→ **Material provided**:
★ ★ ★
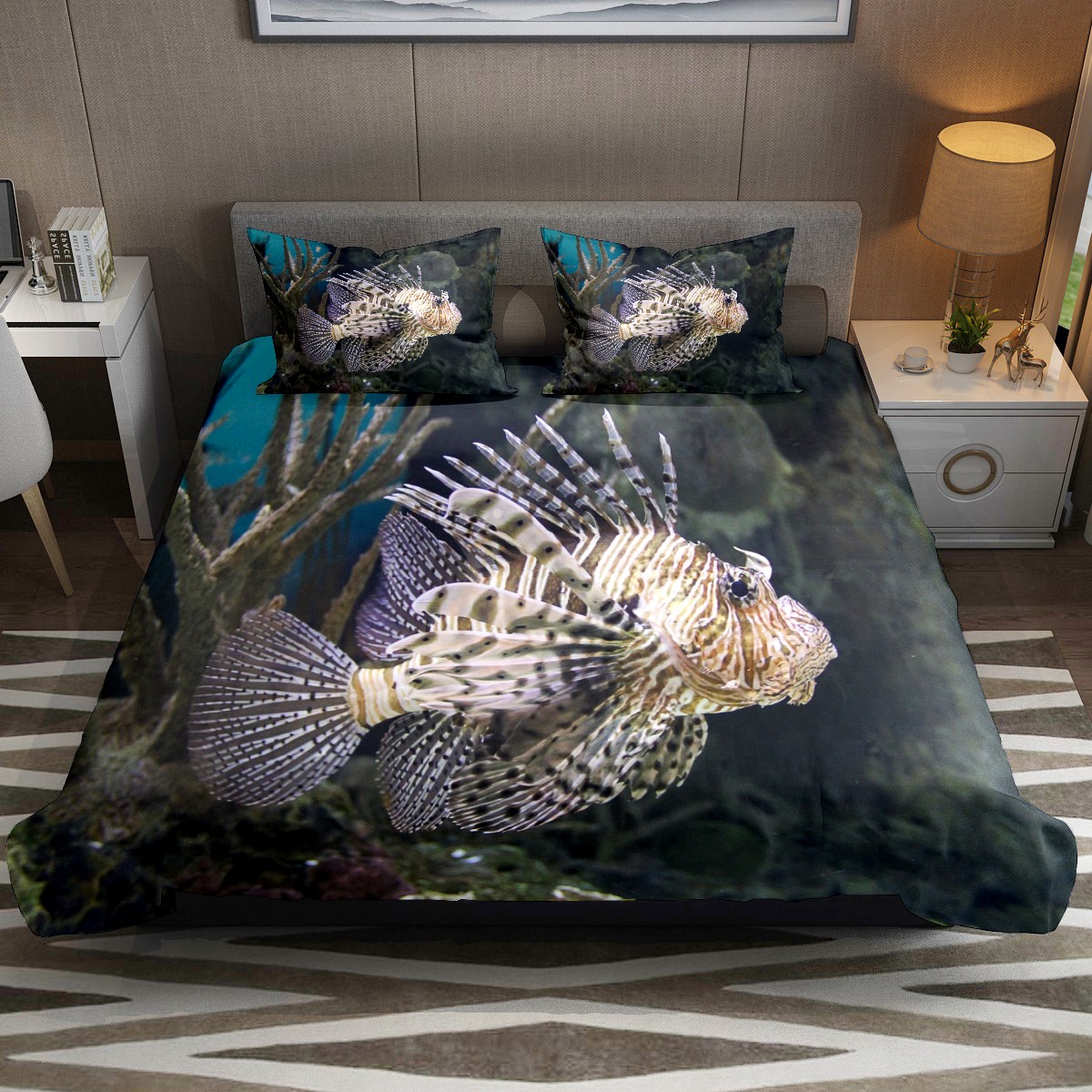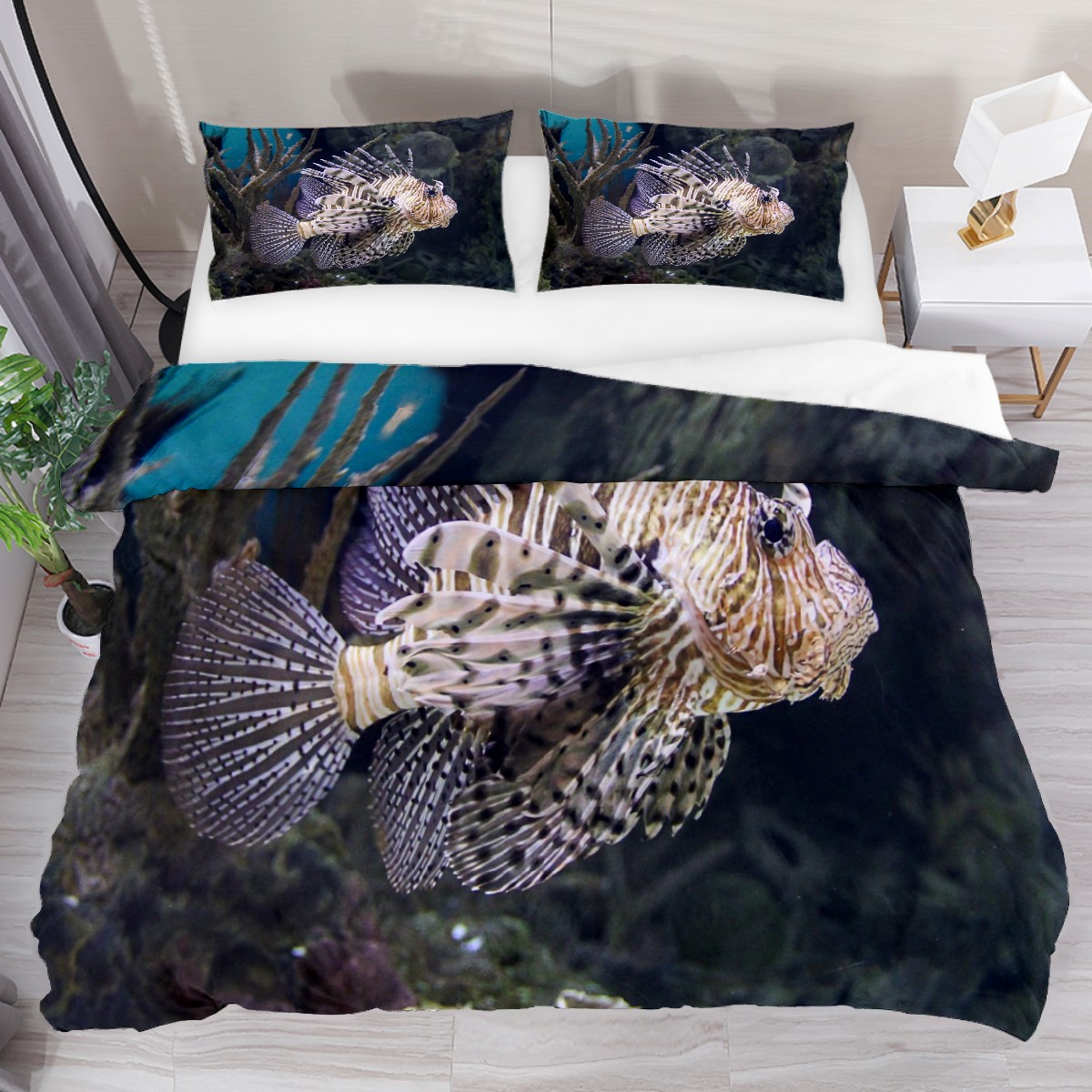 Duvet Cover Twin Ocean Fish Pterois 3pcs Bedding Duvet Cover Set Modern Quilt Cover Microfiber Comforter Cover with Button Closure with 2 Pillow Cases 1 Duvet Cover
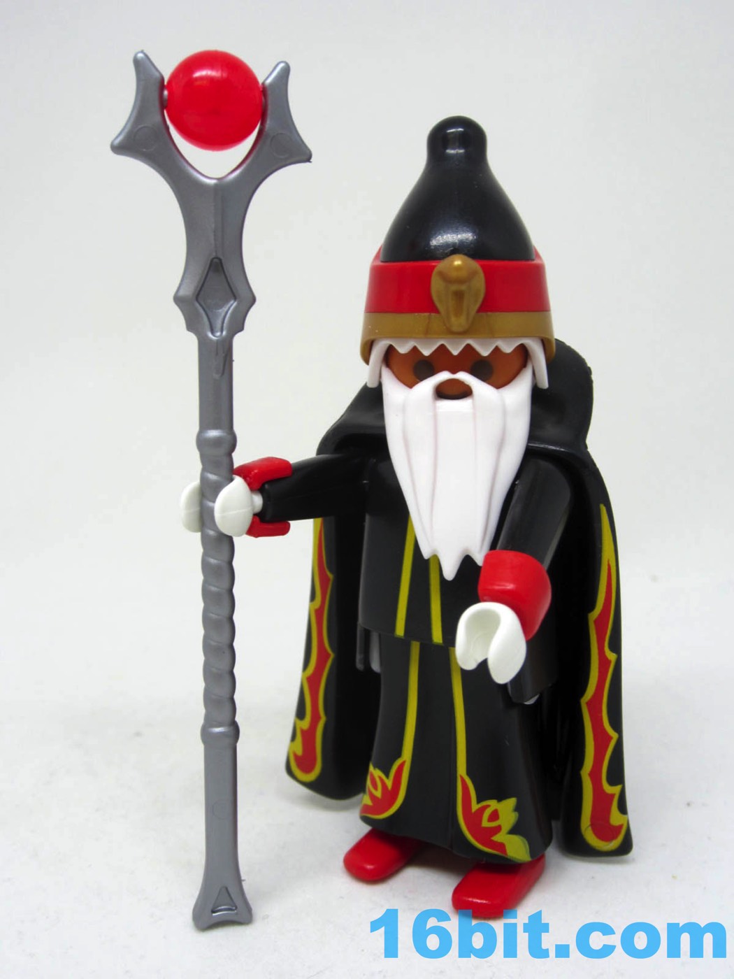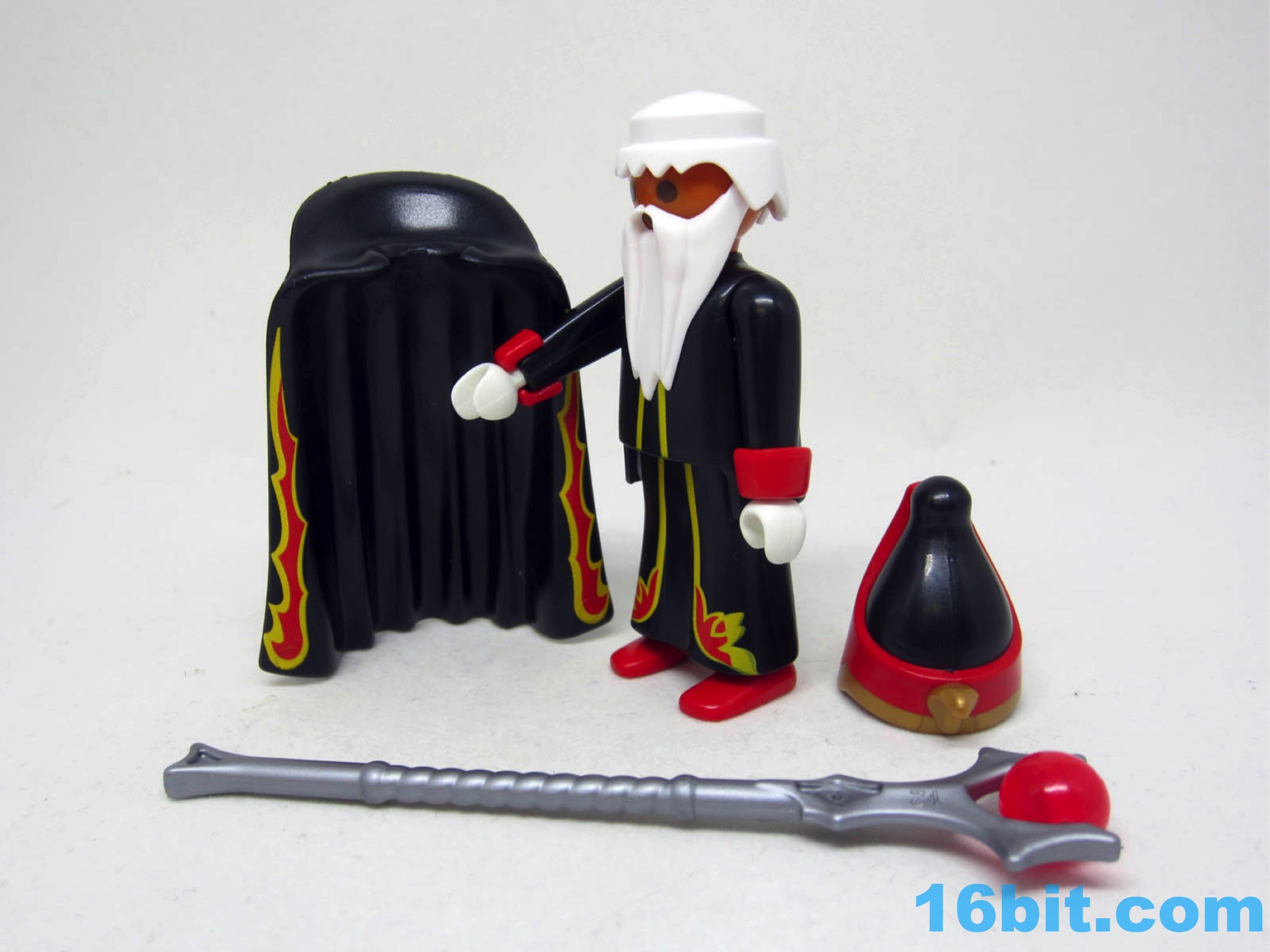 Item No.: No. 6840, #12 of 12 Manufacturer:Playmobil Includes:Red cuffs, black cape, hat, staff Action Feature:Makes your figures nervous in alleys Retail:$3.99 Availability:Fall 2016 Other:Fire Good
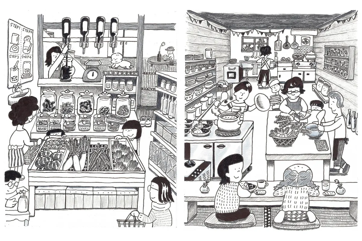 米/雑穀/野菜/小麦粉/米粉/そば粉/天然酵母パン/パスタ/乾燥ショートパスタ/パンケーキミックス/豆類/塩砂糖/味噌/醤油などの調味料/油各種/カレー粉やスパイス各種/コーヒー豆/お茶葉 果物/ナッツ/焼き菓子/おやつ/かつおぶし/昆布/干ししいたけなどの乾物/ココアパウダー/チョコレート/梅干し/納豆/ジャムなど/日々の台所で必要とする食料品
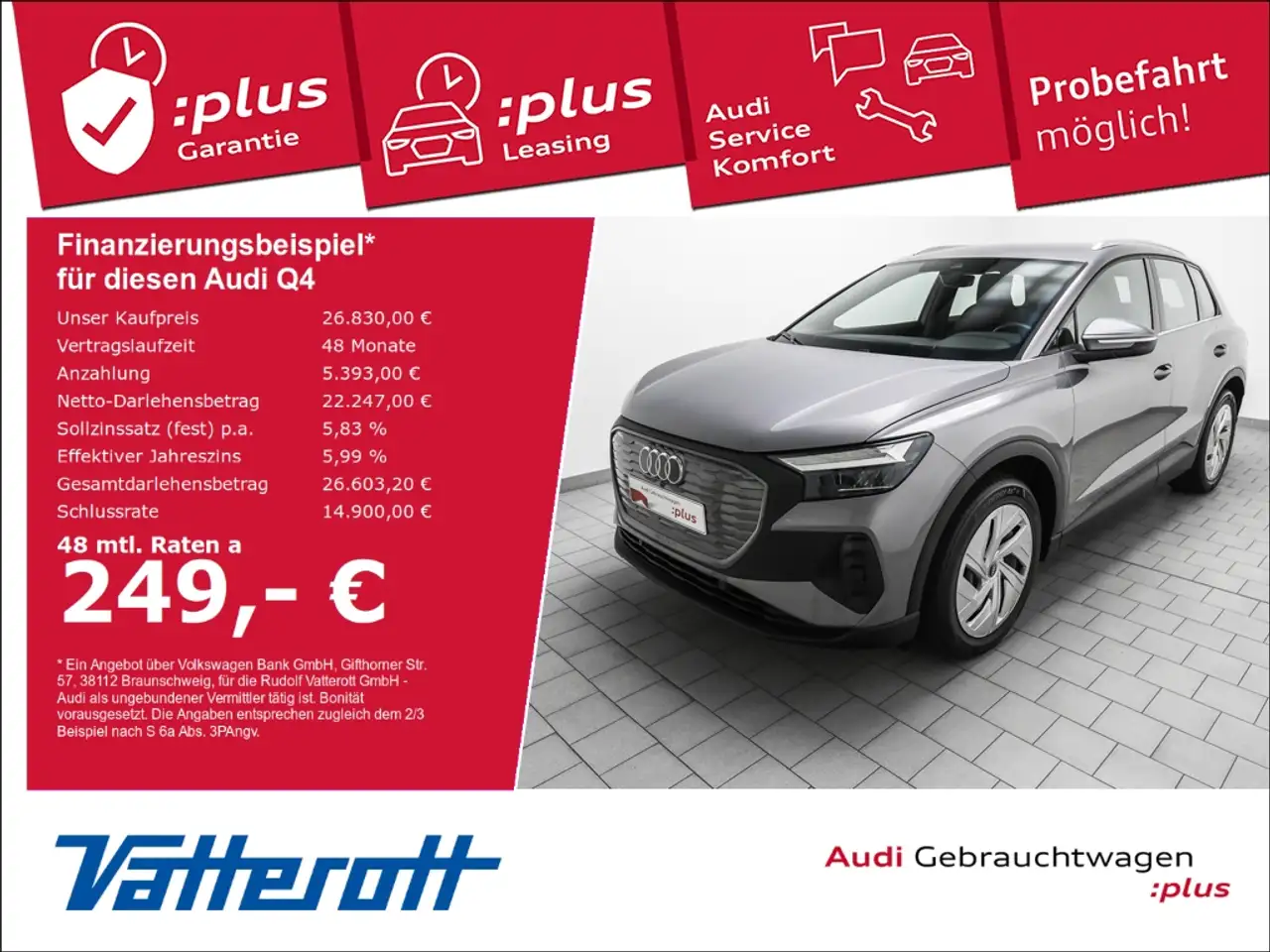 - Unter Raten verstehen wir den indikativen monatlichen Betrag bezogen auf das ausgeschriebene Finanzierungsbeispiel. Wir empfehlen dem Verbraucher, die Anzeige sorgfältig zu lesen. Der Verbraucher kann verschiedene Zahlungs- und/oder Finanzierungsformen bewerten, indem er den Werbetreibenden oder andere Finanzinstitute kontaktiert.
★ ★ ★
→ **What is expected**: Leaving the pictures out, output the material exactly as it appears.

→ **Your solution**:
 Duvet Cover Twin Ocean Fish Pterois 3pcs Bedding Duvet Cover Set Modern Quilt Cover Microfiber Comforter Cover with Button Closure with 2 Pillow Cases 1 Duvet Cover
 Item No.: No. 6840, #12 of 12 Manufacturer:Playmobil Includes:Red cuffs, black cape, hat, staff Action Feature:Makes your figures nervous in alleys Retail:$3.99 Availability:Fall 2016 Other:Fire Good
 米/雑穀/野菜/小麦粉/米粉/そば粉/天然酵母パン/パスタ/乾燥ショートパスタ/パンケーキミックス/豆類/塩砂糖/味噌/醤油などの調味料/油各種/カレー粉やスパイス各種/コーヒー豆/お茶葉 果物/ナッツ/焼き菓子/おやつ/かつおぶし/昆布/干ししいたけなどの乾物/ココアパウダー/チョコレート/梅干し/納豆/ジャムなど/日々の台所で必要とする食料品
 - Unter Raten verstehen wir den indikativen monatlichen Betrag bezogen auf das ausgeschriebene Finanzierungsbeispiel. Wir empfehlen dem Verbraucher, die Anzeige sorgfältig zu lesen. Der Verbraucher kann verschiedene Zahlungs- und/oder Finanzierungsformen bewerten, indem er den Werbetreibenden oder andere Finanzinstitute kontaktiert.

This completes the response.